● Exercise goal:
Please return the listing exactly as it stands, skipping any pictures.

● Information shown:
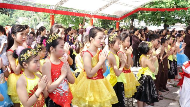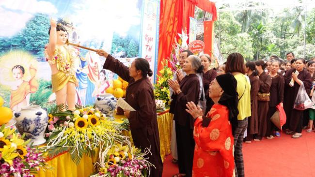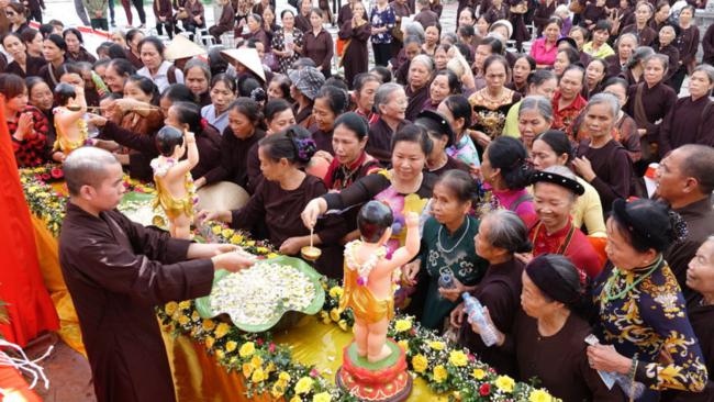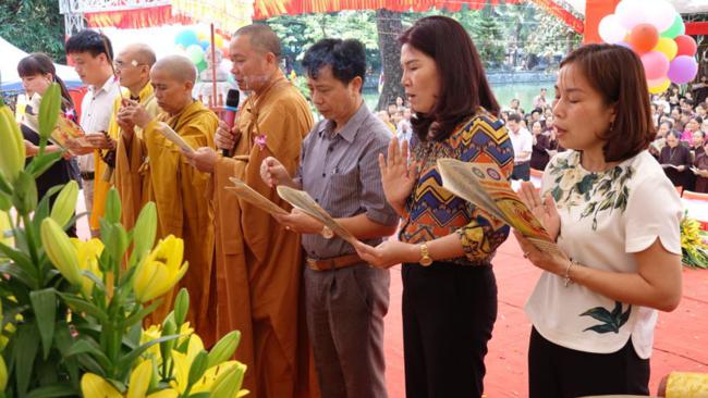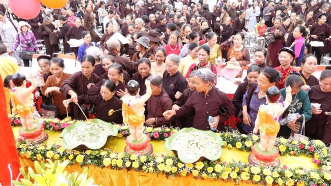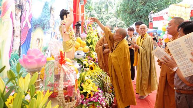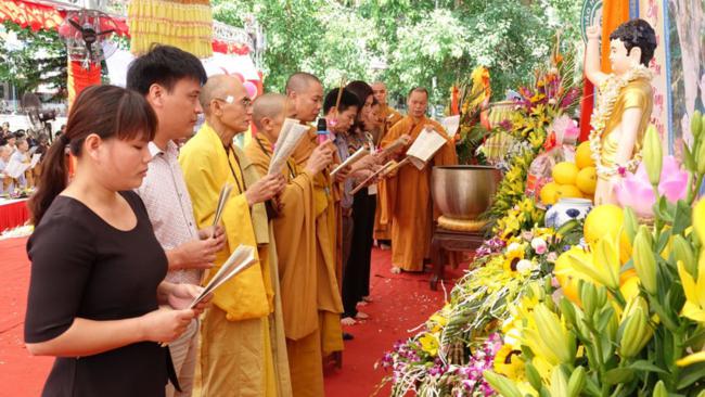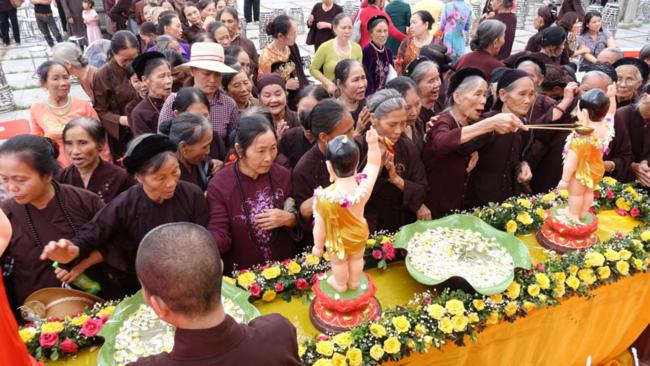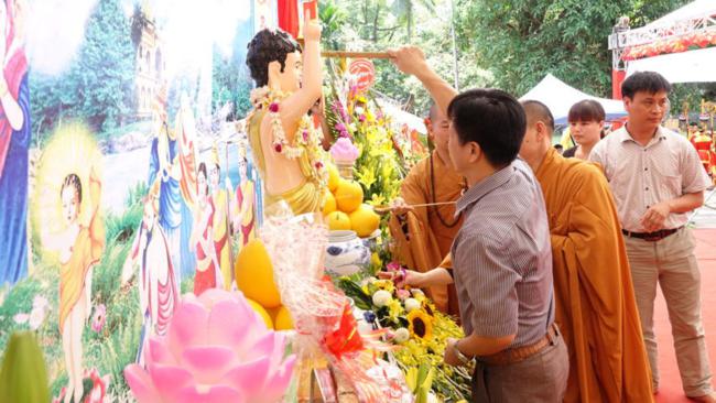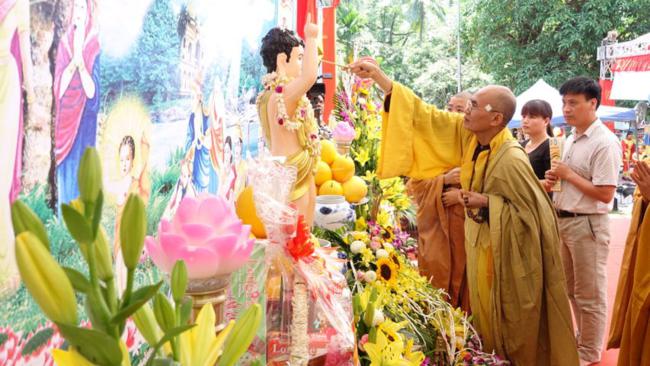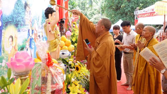 Trước khi kết thúc buổi lễ, Chư tôn đức Tăng Ni, các cấp chính quyền của huyện Quốc Oai, xã Sài Sơn và đông đảo các Phật tử đã cử hành nghi lễ niêm hương, bạch Phật, và nghi lễ tắm Phật theo nghi thức truyền thống của Phật giáo trong không khí hoan hỷ, ấm tình đạo vị nhân ngày đức Phật ra đời.
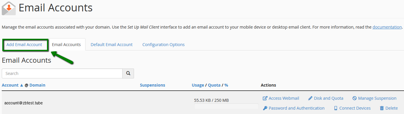 1. Log in to your cPanel >> Mail section >> Email Accounts menu:
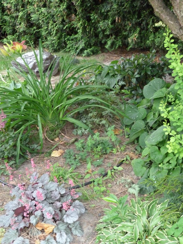 Od razu wykorzystałam okazję i wyrównałam trawnik przy okrągłej rabacie przy tarasie.
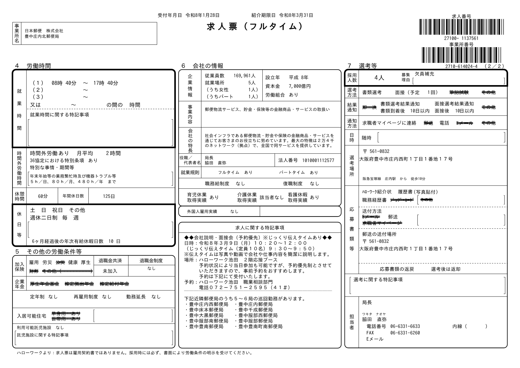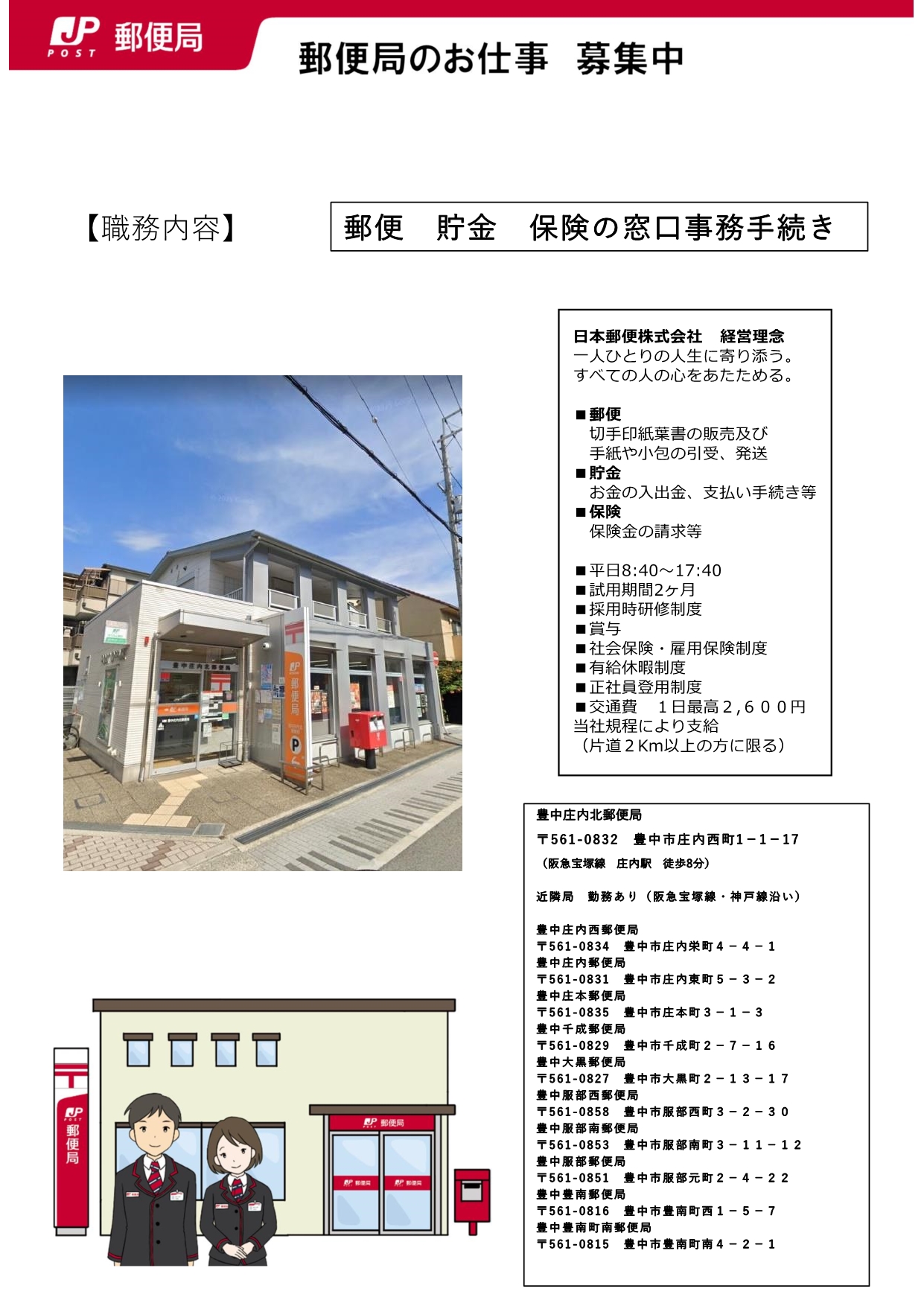 企業ホームページ:日本郵便株式会社 豊中庄内北郵便局 ホームページ

● Written response:
 Trước khi kết thúc buổi lễ, Chư tôn đức Tăng Ni, các cấp chính quyền của huyện Quốc Oai, xã Sài Sơn và đông đảo các Phật tử đã cử hành nghi lễ niêm hương, bạch Phật, và nghi lễ tắm Phật theo nghi thức truyền thống của Phật giáo trong không khí hoan hỷ, ấm tình đạo vị nhân ngày đức Phật ra đời.
 1. Log in to your cPanel >> Mail section >> Email Accounts menu:
 Od razu wykorzystałam okazję i wyrównałam trawnik przy okrągłej rabacie przy tarasie.
 企業ホームページ:日本郵便株式会社 豊中庄内北郵便局 ホームページ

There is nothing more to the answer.